Scrape and Go Landing
A malfunctioning gauge, failure to use a checklist and the absence of a gear warning horn were all factors in this blade-bending low approach.
It’s a Blast But It’s Not Fun
During takeoff and some taxi maneuvers, the high thrust levels of modern jet engines can produce exhaust wakes that present a significant hazard to other aircraft operating on or near the airport surface. The jet blast incidents presented in this CALLBACK highlight the need for both Pilots and Air Traffic Controllers to be aware of the circumstances where this hazard can occur and take measures to avoid jet blast or prevent it.
The three events below deal with aircraft versus aircraft scenarios that occurred in the runway environment.
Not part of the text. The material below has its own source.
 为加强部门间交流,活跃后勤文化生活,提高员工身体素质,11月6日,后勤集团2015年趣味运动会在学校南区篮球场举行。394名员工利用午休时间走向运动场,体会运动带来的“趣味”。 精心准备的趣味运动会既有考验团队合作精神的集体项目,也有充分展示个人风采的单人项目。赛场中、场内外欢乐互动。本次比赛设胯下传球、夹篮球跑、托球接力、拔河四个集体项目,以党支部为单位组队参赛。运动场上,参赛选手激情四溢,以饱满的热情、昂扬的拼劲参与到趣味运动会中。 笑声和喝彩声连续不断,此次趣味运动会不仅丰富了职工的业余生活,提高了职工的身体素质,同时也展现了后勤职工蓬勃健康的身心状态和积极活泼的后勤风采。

Jet blast (or prop wash) can also occur in the ramp area where it poses a risk to vehicles and ground personnel as well.
While most general aviation pilots think of wake turbulence and jet blast as being issues that primarily concern pilots of small planes, it should be noted that even “big on big” can have problems. A little Cessna 150 can receive the same surprise some of these pilots did when caught by the surprise of a Barron in the middle of a high power run up. Don’t count on the tower to prevent prop and jet blast from being a problem. As the PIC, this is your job.
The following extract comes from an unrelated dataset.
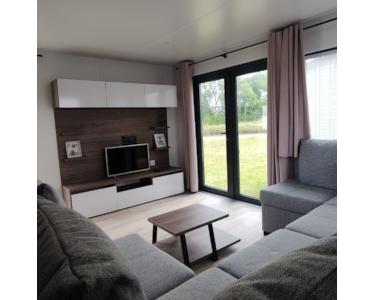 Auf der linken Seite des Chalets befindet sich das Wohnzimmer. Das Wohnzimmer ist geräumig und verfügt über ein Ecksofa mit ausreichend Platz für die ganze Familie. Außerdem gibt es hier einen Loungetisch und einen TV-Schrank mit Anschluss an den Fernseher.

Adverse Weather Planning and Tactics
Two Perspectives
According to the FAA General Aviation Pilot’s Guide to Preflight Planning, Weather Self-Briefings, and Weather Decision Making, many pilots who hear about a weather-related accident think, “I would never have tried to fly in those conditions.” But interviews with pilots who survived weather-related accidents indicate that they thought the same thing — until they found themselves in weather conditions they did not expect and could not safely handle. This CALLBACK presents weather-related ASRS incident reports along with corresponding National Transportation Safety Board (NTSB) accident reports involving the same type of aircraft in similar weather conditions. The ASRS reports offer a first-hand account of what were often narrow escapes from adverse weather conditions. The NTSB reports are second-hand accounts about pilots who were not as fortunate in their weather encounters. The ASRS incidents are often seen as precursors to the accidents reported by the NTSB.
Three of the many lessons that can be learned from the ASRS reports are: 1) review and know the procedures for dealing with adverse weather in your aircraft, 2) avoid adverse weather if possible and, 3) have an escape plan in the event of an unexpected encounter with dangerous weather. Failure to learn the lessons presented here can lead to an ASRS incident report if you are lucky or an NTSB accident report if you are not. But, smart pilots remember the old axiom: You start with a bag full of luck and an empty bag of experience. The trick is to fill the bag of experience before you empty the bag of luck.